Two parents with children at Lamping Elementary School say the switch to distance education after COVID-19 cases were reported at the Henderson school was sudden but relatively smooth.
Parents at the school in the Anthem area were notified Monday that “multiple individuals” tested positive for the disease caused by the new coronavirus and the entire campus would switch to remote learning for two weeks.
Distance education will continue through Aug. 27. Students who are asymptomatic can return to face-to-face classes on Aug. 30.
The Clark County School District didn’t provide information Tuesday in response to a Review-Journal inquiry about the threshold for switching an entire campus to distance learning or say how many Lamping students or employees tested positive or are in quarantine.
In a statement via email, the district said: “Each instance is handled on a case-by-case basis. We are unable to speak on individual matters, but in general, CCSD works closely with (Southern Nevada Health District) when determining (contact) tracing and identifying individuals who need to quarantine.”
The school district’s online COVID-19 case dashboard also hadn’t been updated with case numbers for Lamping Elementary as of Tuesday afternoon.
Districtwide, 512 cases have been reported since July 1 — 285 among employees and 227 among students — according to the dashboard.
Cases at two more schools
Parents also were notified Tuesday by Silverado High School in Las Vegas and Coronado High School in Henderson that “an individual” at each campus tested positive for COVID-19. It was not clear how the two schools were responding.

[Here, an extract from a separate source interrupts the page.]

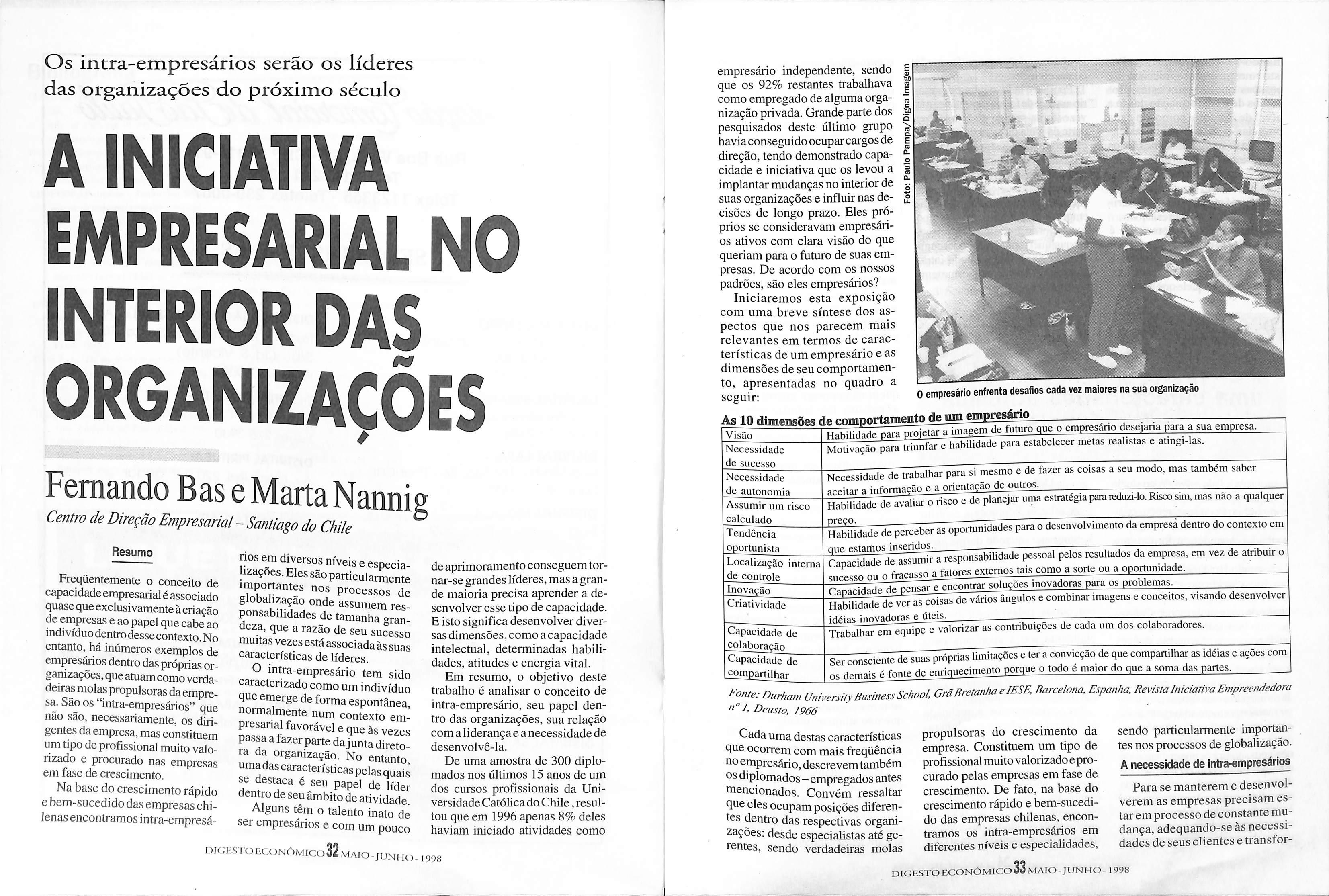 "O empresário. Definições e mitos , Revista Iniciativa Empreendedora n" 2, Deusto, 1997 op. cit.

Lamping Elementary Principal Robert Solomon declined to provide details on the school’s switch to distance education.
“At this time I will be focusing on the support needed for our teachers, students and families to successfully engage in our distance education instructional model,” he said via email.
Justin Weathersbee, president of the PTA at Lamping Elementary, who has has two children in second and fifth grades at the school, said his children had not been ordered to quarantine, indicating they had not been deemed to have been in close contact with the infected individuals.

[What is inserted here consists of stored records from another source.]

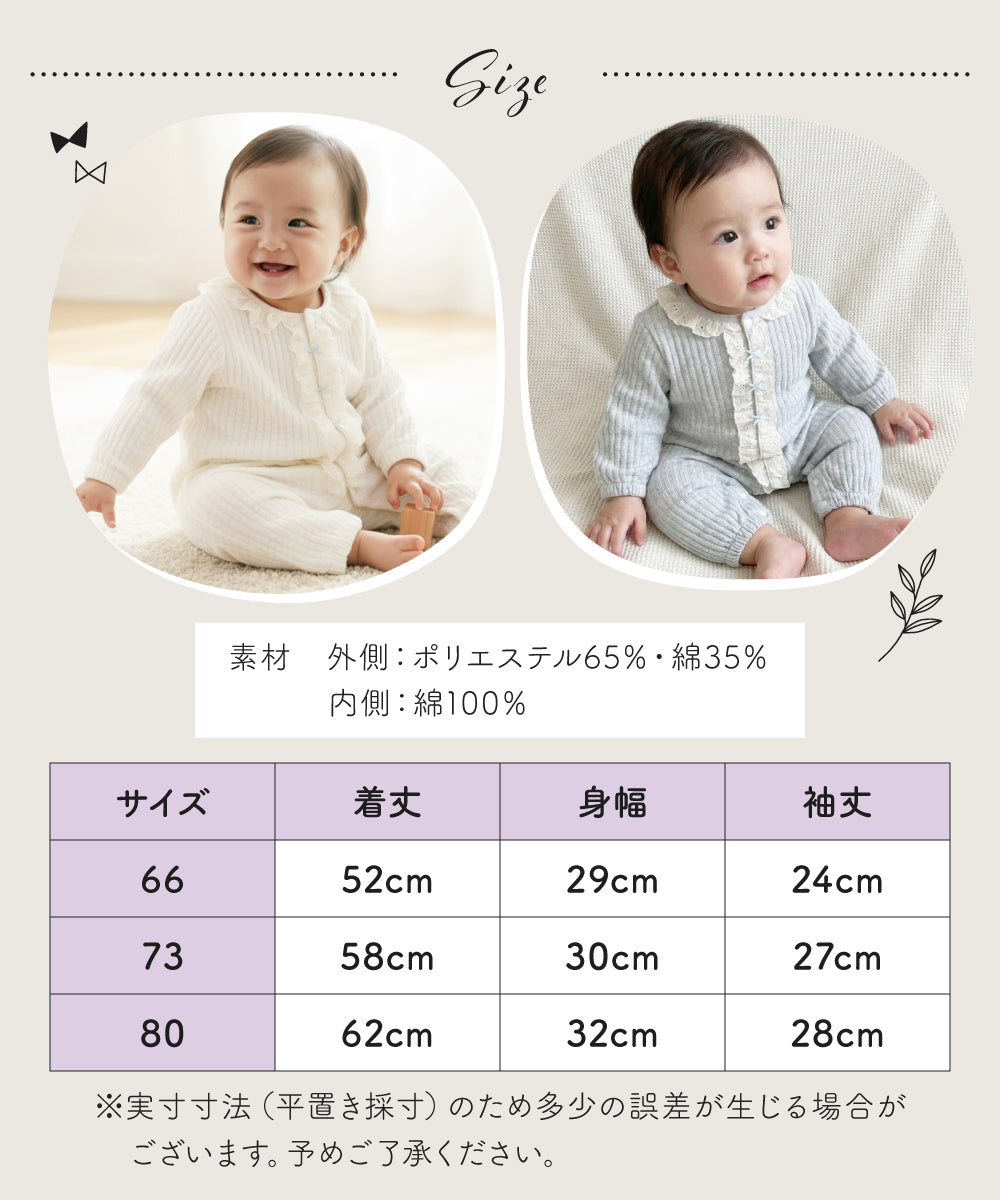 ・袖口、足口はゴム入りで、動いてもずれにくく、ふんわりフィット
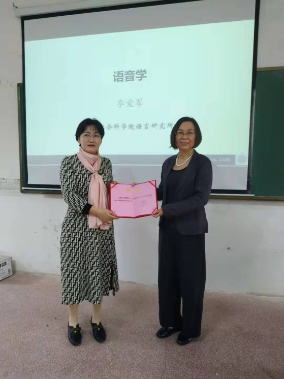 冬季小学期的课堂,以“情感语音的多模态跨文化研究”为主题为人文传播学院本科生授课。学院部分专业教师、研究生和本科生聆听了李老师的精彩报告。讲座开始时,文学院李彩霞副院长向李爱军老师颁发了冬季小学期授课外聘专家的聘书。
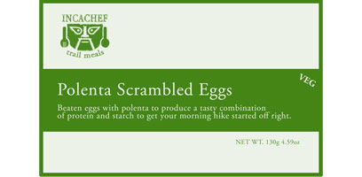 We mix beaten eggs with polenta to produce a tasty combination of protein and starch to get your morning hike started off right.
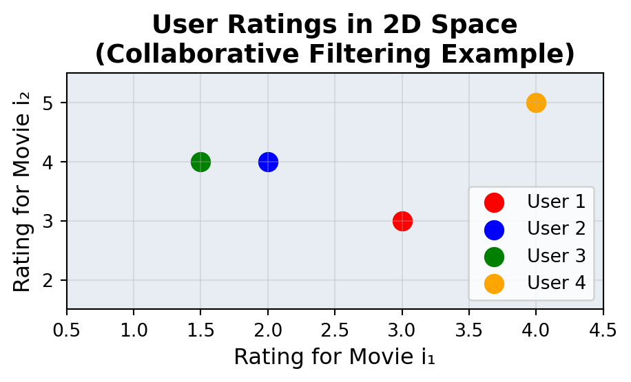 For example, there are 4 user \(u_1, u_2, u_3, u_4\)\(\in \mathbf{U}\) have rated two movies \(i_1, i_2\)\(\in \mathbf{I}\) as follows:
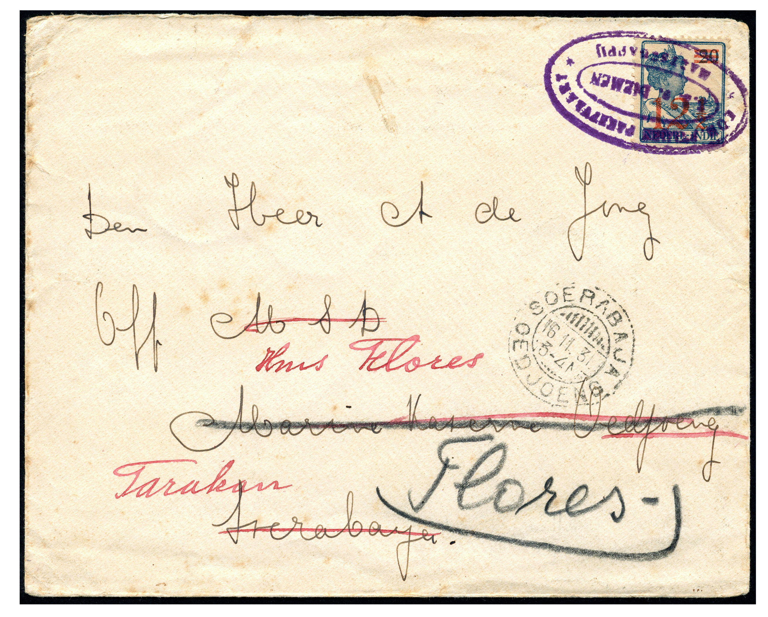 KPM. Env. gefr. met 12½ cent in violet afgest. met KPM-ovaalstempel 'S.S. v. DIEMEN' via Samarinda 12-11-1931 en Soerabaja 16-11 naar de Marine kazerne in Soerabaja/Oedjoeng, daar op 16-11 doorgezonden naar de 'Hms Flores' te Tarakan

The school’s administrators were prepared for the switch to distance education and the safety of the students is the number one priority, he said.
The transition to distance education this week, though, did come “kind of out of the blue,” Weathersbee said, and on just the second week of school.
“One week and one day is what we got,” he said.
On Sunday, the family received notification that their fifth grader’s class was told to stay home Monday as a precaution.
“I’m assuming they were preparing for this, obviously,” Weathersbee said.
Weathersbee said he received both email and phone messages from the school Monday about the transition to distance education for the entire campus.
“I’m probably different than a lot of parents,” he said. “For me, it was just OK; we’re going to be doing distance learning and shift everything back to their Chromebooks.”
He said he knew such a transition was probably going to happen at some point during the school year.
Weathersbee works at night and his wife works during the day, so he’s home with his kids during distance education.
“The transition for us is seamless,” he said.
Weathersbee said the biggest concern his children expressed was not being able to see their friends, but noted things went “really well” with classes.
The hardest part was getting logged into Canvas, the school district’s distance education platform, from home, he said.
Weathersbee said his children are already used to distance education after experiencing it for a year previously.
The school already issued a Chromebook laptop computer to each student during an open house before school began, Weathersbee said. Students were allowed to bring them back and forth between school and home.
Weathersbee said his advice to parents at any school is to be prepared and to make sure to have extra school supplies on hand at home. His children weren’t able to retrieve their supplies from their classrooms.
‘It’s an adjustment’
Lea Jonic, vice president of Lamping’s PTA, said her children in second and fifth grades were not ordered to quarantine.
“It’s an adjustment, obviously, for everybody,” she said about the transition. “I’m happy that they’re being cautious.”
Jonic said her family is trying to be as optimistic about the situation as possible, including having a positive attitude around the children. The situation isn’t the school’s fault, she added.
The first day with distance education Tuesday went surprisingly well, Jonic said, noting her children were already used to distance education from the past year. The teachers directed students through their school day and they required little to no parental help, she said.
She said both children gave her a thumbs up when she arrived home Tuesday afternoon saying their day went well, although they’d prefer to be in school in person.
Jonic and her husband transitioned to being at home as well.
“Both of our offices are super understanding because everybody is pretty used to it at this point, unfortunately,” she said.
Jonic said she and her husband are sorting out a schedule so that one of them will be home each day with their children while distance education is underway.